De Afdeling adviseert de memorie van toelichting op dit punt aan te vullen.

b. De Nederlandse mededingingsautoriteit (hierna: NMa) constateert in haar uitvoerings- en handhaafbaarheidstoets dat de strengere, nationale norm hoge kosten met zich brengt.6 De NMa adviseert een kosten-batenanalyse uit te voeren om na te gaan in hoeverre de baten van een strengere leveringsnorm dan de verordening voorschrijft, opwegen tegen de kosten ervan.

De memorie van toelichting vermeldt niet dat een dergelijke analyse is uitgevoerd. Deze analyse is noodzakelijk, nu artikel 8, vierde lid, van de verordening bepaalt dat de aan de aardgasbedrijven opgelegde verplichtingen om te voldoen aan de leveringsnormen niet-discriminerend zijn en geen buitensporige lasten opleggen aan deze bedrijven. Tevens wordt in de overwegingen van de verordening gesteld dat de normen voor leveringszekerheid geen onredelijke en onevenredige belasting inhouden voor de aardgasbedrijven.7

De Afdeling adviseert in de memorie van toelichting op het voorgaande in te gaan.

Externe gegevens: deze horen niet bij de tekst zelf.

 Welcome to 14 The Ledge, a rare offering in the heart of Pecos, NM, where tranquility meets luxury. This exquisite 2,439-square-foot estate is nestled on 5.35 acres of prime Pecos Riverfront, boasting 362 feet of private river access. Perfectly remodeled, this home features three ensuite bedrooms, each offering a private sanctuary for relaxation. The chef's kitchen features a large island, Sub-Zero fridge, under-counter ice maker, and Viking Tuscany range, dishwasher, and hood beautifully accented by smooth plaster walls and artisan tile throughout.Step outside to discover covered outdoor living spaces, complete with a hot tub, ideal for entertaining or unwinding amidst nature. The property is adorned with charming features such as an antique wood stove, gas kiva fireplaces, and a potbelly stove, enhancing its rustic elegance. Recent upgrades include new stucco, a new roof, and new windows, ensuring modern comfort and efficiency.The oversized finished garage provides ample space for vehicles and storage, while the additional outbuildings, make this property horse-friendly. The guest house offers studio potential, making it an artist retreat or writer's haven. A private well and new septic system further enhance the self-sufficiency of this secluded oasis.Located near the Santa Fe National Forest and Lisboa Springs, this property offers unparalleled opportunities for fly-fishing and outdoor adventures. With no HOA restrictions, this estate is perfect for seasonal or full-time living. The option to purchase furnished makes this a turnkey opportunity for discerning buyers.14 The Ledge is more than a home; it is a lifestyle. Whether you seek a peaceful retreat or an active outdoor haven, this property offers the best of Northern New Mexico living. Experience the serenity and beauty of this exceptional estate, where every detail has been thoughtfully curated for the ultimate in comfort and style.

1a. Aan het advies van de Afdeling om de toelichting over de leveringsnorm aan te vullen, is gevolg gegeven door paragraaf 4.4 van de memorie van toelichting uit te breiden.

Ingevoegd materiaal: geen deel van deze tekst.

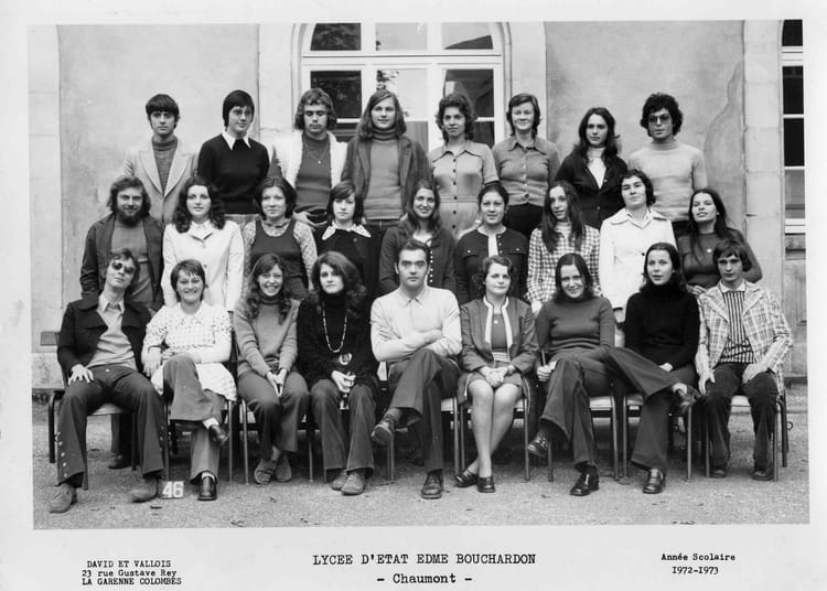Naviguez en cliquant sur la photo. 1973 - TerminaleA5 - Lycée e bouchardon Une bonne équipe ... dont on aimerait avoir des nouvelles ! Ma veste doit avoir été empruntée à Colette, située derrière moi ... Sur la photo Sylvie BRYANT Alain COLLADANT Dominique PIERRE Signaler un abus
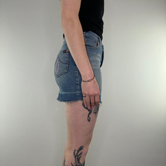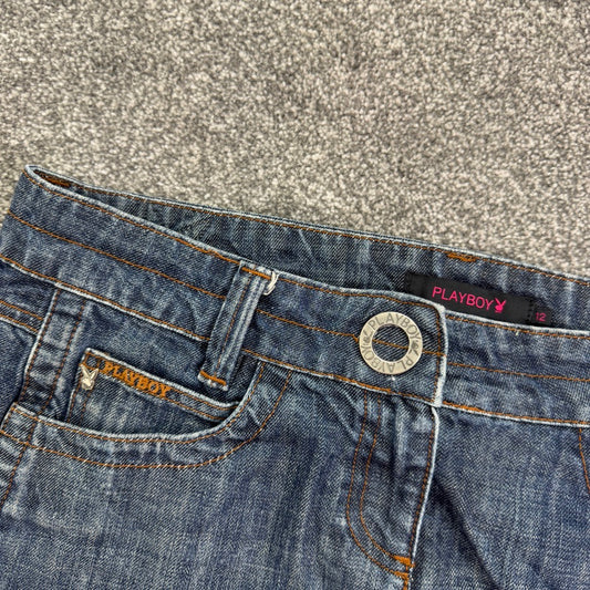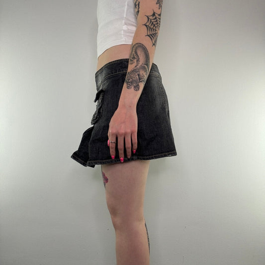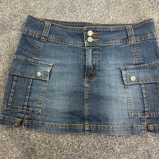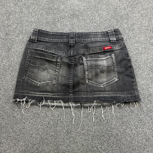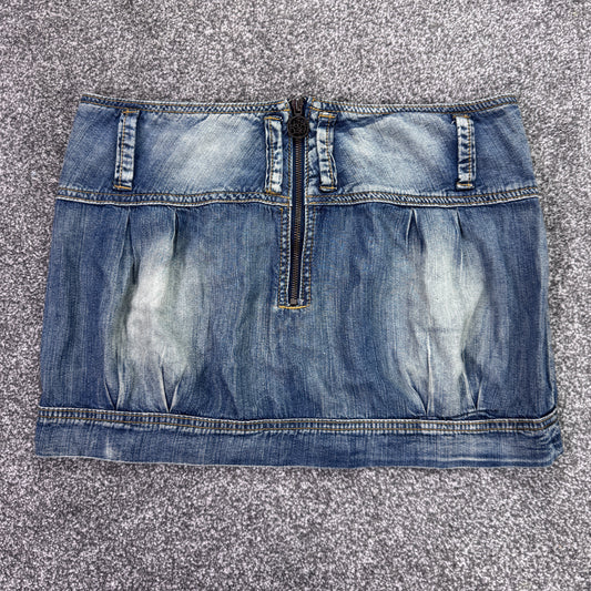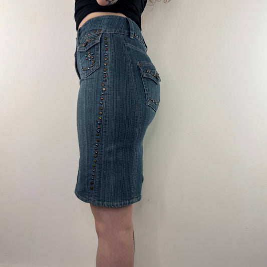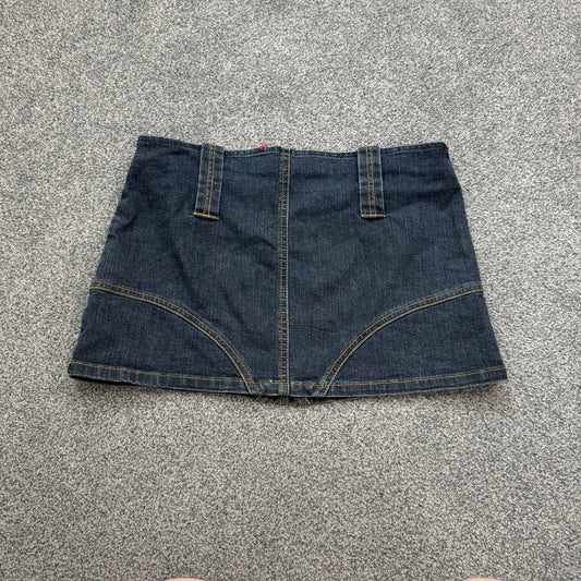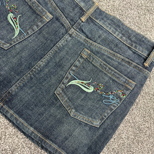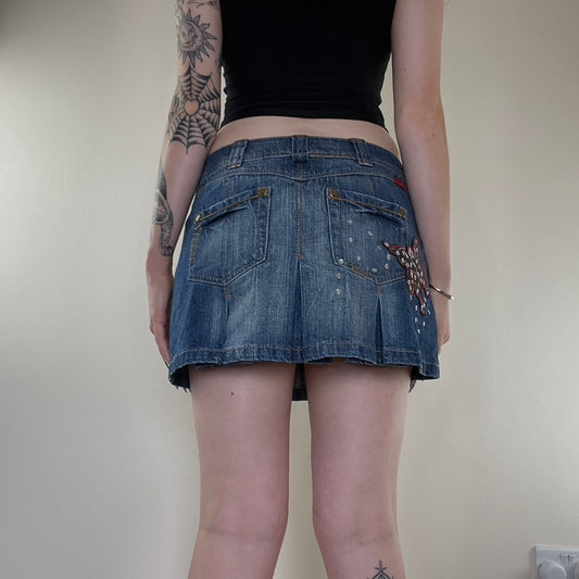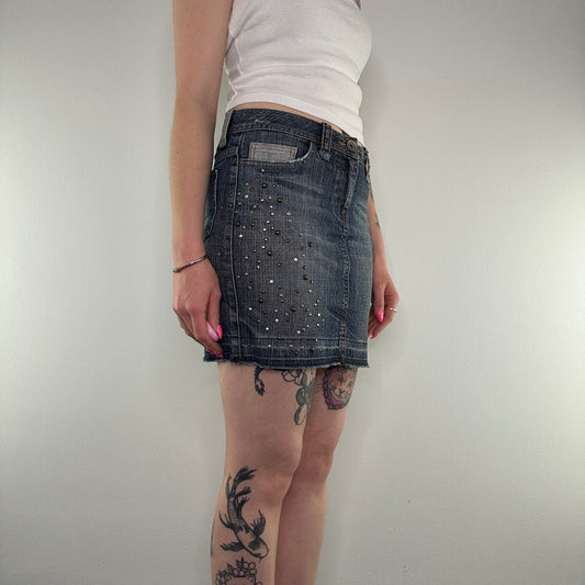 Y2K vintage denim mini skirt dark wash faded rhinestone mid rise
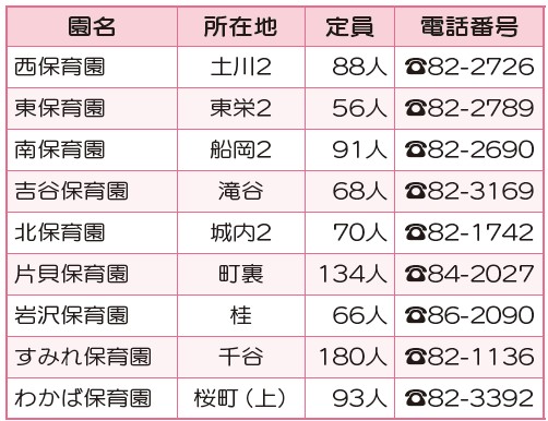 ・市立認可保育園について:各保育園または教育・保育課保育係
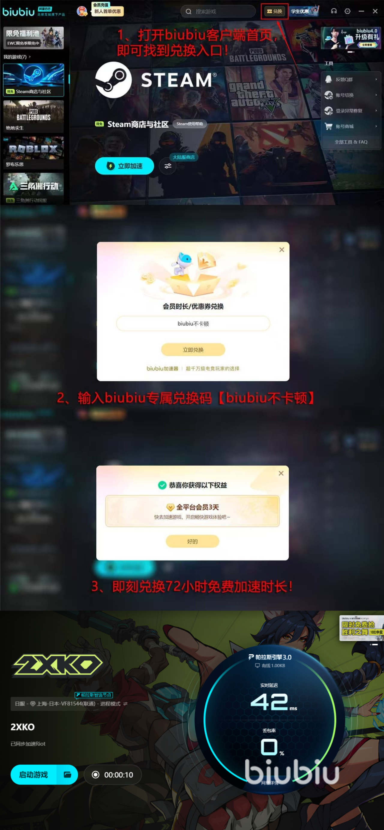 要是大家之前没有用过这款软件的话,那么正好可以拥有不少福利,新用户登录注册立刻就有24小时免费提速服务可以享受,此外平台还给每个用户都提供了三天加速时长,需要大家手动输入【biubiu不卡顿】,如果之前有注册过的小伙伴没有及时体验相应福利的话,也可以选择后续兑换,都是可以不花钱享受会员般的提速效果。
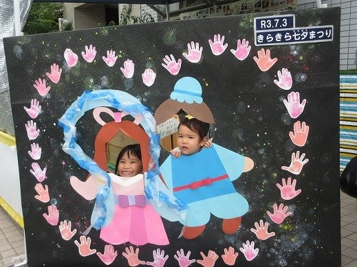 さて、7月3日は『きらきら七夕まつり』保育室は、みんなが作った七夕の飾りがきらきらゆらゆらと素敵です。お天気がよくないみたいだけれど、きっと晴れる!晴れてくれるはず!次回は、このきらきら七夕まつりの様子をお伝えしますね。

1b. Naar aanleiding van het advies van de Afdeling is in paragraaf 7 van de memorie van toelichting nader ingegaan op de door de Nederlandse Mededingingsautoriteit geadviseerde kosten-batenanalyse. Daarnaast is paragraaf 4.4 aangevuld met een passage over de financiering van de kosten inzake gasleveringszekerheid.

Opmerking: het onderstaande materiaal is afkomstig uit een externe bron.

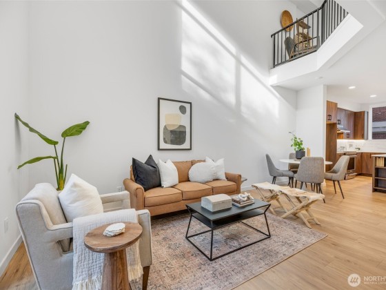 Luxury Townhomes in the heart of Queen Anne neighborhood. Elegance abounds, Clean Modern Finishes, Soaring Ceilings w/windows to match. 3Bed/3Bath, 1 Car Attached Garage w/EV Charging. Main level offers open floorplan, walk out balcony extends entertaining space. Chefs kitchen features tons(!) of cabinet space, quartz counter tops, seated island, Induction Range. Top level Primary Suite w/en-suite Bath, walk-in closet & walk out balcony. Lovely territorial & mountain views of the surrounding neighborhood from the entertainment size Roof Top Deck (peek-a-boo view of the Space Needle!).Walk to shopping, coffee shops, dining & parks. Quick access to major commuter routes. Completion October 2025. 4 Star Built Green. Ask about $30k buyer bonus
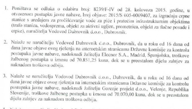 Napominju i kako su proučili Rješenje Državne komisije iz kojeg je sasvim jasno da je odluka Vodovoda Dubrovnik o izboru najboljeg ponuditelje poništena na osnovu žalbe četiriju preostalih sudionika natječaja, čije je ponude Vodovod proglasio nevaljalima. U njemu jasno piše da je odluka poništena zbog čak 11 osnova iz žalbi, što nikako ne odgovara navodima iz priopćenja Vodovoda kako je "značajan dio žalbenih razloga odbačen kao neosnovan, a jedan dio prihvaćen".
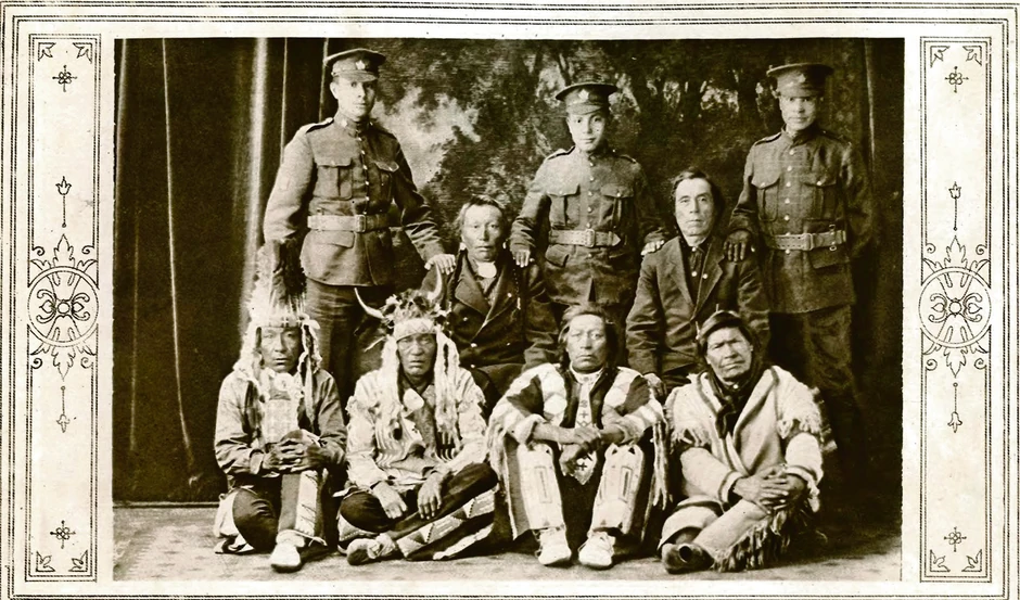 Kada je kanadska vlada, na poziv Velike Britanije da se uključi u rat, odlučila da pošalje svoje trupe, mnogima koji nisu bili belci rečeno je "da se ne prijavljuju, ovo je rat za nas belce", pa je tako tek 1915. dopuštena i domorodačka jedinica. Nju je činilo 3.500 upravo Kri indijanaca, koji su poslati na evropski front, ali tek nakon što su ih ispratili njihovi preci. Tako su i nastale porodične fotografije na kojima se vidi kako su, svako u svojoj uniformi, okupljene i stare poglavice, tada već deke, i mladi Indijanci u modernim uniformama. Prethodne generacije ispraćale su nove u rat, a oni mlađi bi uzimali zavet da pretke ne obrukaju.

2. Vertrouwelijkheid gegevens

De betrokken aardgasbedrijven, gas- of elektriciteitsbeurzen, netgebruikers en afnemers kunnen worden verplicht bepaalde gegevens, bescheiden en inlichtingen te verstrekken aan de Minister van Economische Zaken, Landbouw en Innovatie ten behoeve van de uitvoering van de verordening. Deze informatie kan commercieel gevoelige informatie betreffen. Artikel 13, vierde lid, van de verordening schrijft voor dat de minister de vertrouwelijkheid van dergelijke informatie waarborgt. De memorie van toelichting vermeldt niet of de door de aardgasbedrijven verstrekte informatie beschouwd moet worden als bedrijfs- en fabricagegegevens, die vertrouwelijk aan de overheid zijn meegedeeld en in die zin niet behoeven te worden verstrekt aan een ieder die op grond van de Wet openbaarheid van bestuur verzoekt om deze informatie.8 De Afdeling gaat ervan uit dat dit het geval is.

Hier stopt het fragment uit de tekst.